Friday, September 20, 2013

Guitarist Joe Satriani shares spotlight with his band at Lakewood Civic Auditorium concert

Posted By on Fri, Sep 20, 2013 at 8:38 AM

Slideshow
Joe Satriani playing at the Lakewood Civic Auditorium
Joe Satriani playing at the Lakewood Civic Auditorium Joe Satriani playing at the Lakewood Civic Auditorium Joe Satriani playing at the Lakewood Civic Auditorium Joe Satriani playing at the Lakewood Civic Auditorium Joe Satriani playing at the Lakewood Civic Auditorium Joe Satriani playing at the Lakewood Civic Auditorium Joe Satriani playing at the Lakewood Civic Auditorium Joe Satriani playing at the Lakewood Civic Auditorium

Joe Satriani playing at the Lakewood Civic Auditorium

By Joe Kleon

Click to View 35 slides

It’s not just the title of his latest instrumental opus — Unstoppable Momentum — also works well when describing the set that Joe Satriani laid down on Thursday night at the Lakewood Civic Auditorium.
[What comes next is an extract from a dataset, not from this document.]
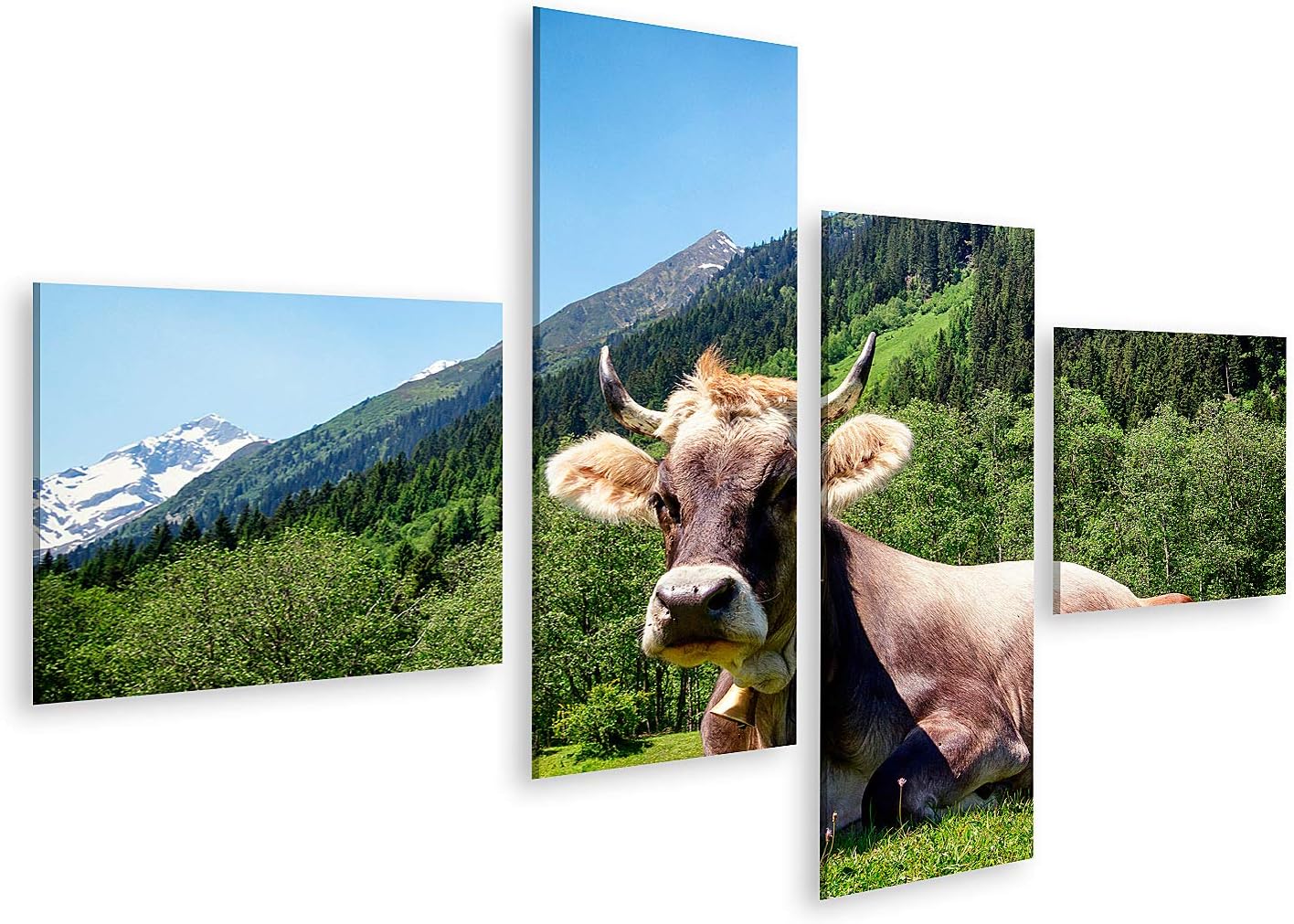 islandburner Bild auf Leinwand Kuh Europäische Alpen Bilder Wandbilder Poster Leinwand 150x80cm - 4

Over the course of nearly two hours and 19 songs, Satriani and his predictably high-caliber band would visit a lot of different areas in his vast catalog which now pulls from more than three decades of work. The musical makeup of the set was heavily slanted in favor of the latest album, with eight of the 11 tracks making an appearance, but there would also be surprises for longtime fans.

The album, which is one of Satriani’s heavier releases in a while, has some interesting left turns like “Three Sheets to the Wind,” which features an Elfman-esque intro, and some plinky barroom piano from longtime Satch associate Mike Keneally in the mid-section. Keneally, also well-known for his work with Steve Vai and Frank Zappa, handled keyboards and second guitar duties on the night and proved that he's no slouch on the fretboard. In fact, there were a number of riff-driven battle to the death type moments between Keneally and Satriani, most notably during the classic Surfing With The Alien-era track “Ice 9,” which found the pair working hard to ensure that the shred quota would be fulfilled for the evening — and that was only six songs deep into the night.

The interplay between the two revealed something important, that Satriani isn’t afraid to share the spotlight with his band members, whether it means collaboratively working it together or stepping aside to let them have their moment. Although nobody looks cooler wielding an axe than Satriani, whose onstage demeanor is equal parts guitar face mixed with the feeling of a mad scientist in the midst of a haunted laboratory, there is also a real sense of modesty that comes through when watching how he interacts with his bandmates.

Satriani’s set benefited from the warhorse rhythm section anchored by bassist Bryan Beller and drummer Marco Minnemann. Minnemann in particular had the daunting task of interpreting the work of the many drummers who have come before him, starting with Vinnie Colaiuta (Sting), who handled drumming duties on Unstoppable Momentum. Satriani’s rich history of past skinsmen also includes Gregg Bissonette (David Lee Roth, Ringo Starr) Manu Katche (Peter Gabriel) and his familiar associates Jonathan Mover and Jeff Campitelli. That’s a lot of different eras of drumming to get right and Minnemann made it look easy.

Most of the expected favorites got their place in the set, with “Satch Boogie,” “Always With Me, Always With You” and “Summer Song” all making an appearance. But it was the lesser heard tracks, such as “The Crush of Love” and especially, the title track to Satriani’s 1993 rarities collection Time Machine that added additional spark to the evening. Throughout the night of instrumentally-focused numbers, the words themselves from Satriani were enthusiastic (along with the requisite guy in the audience to yell “you rock!”) but the talking was kept to a minimum and that was appropriate, because the important communications ultimately came across through the music that was played.

Deep Purple guitarist Steve Morse opened with a tight 45-minute set with his band. The opportunity to see Morse on the solo tip is a rarity and Cleveland appearances by Morse (and Deep Purple) have been rarer still in recent years. It certainly made for a nice double bill of guitar rock with Morse and Satriani sharing the bill and with both sets ending with standing ovations, it indicates that a repeat performance would be welcomed.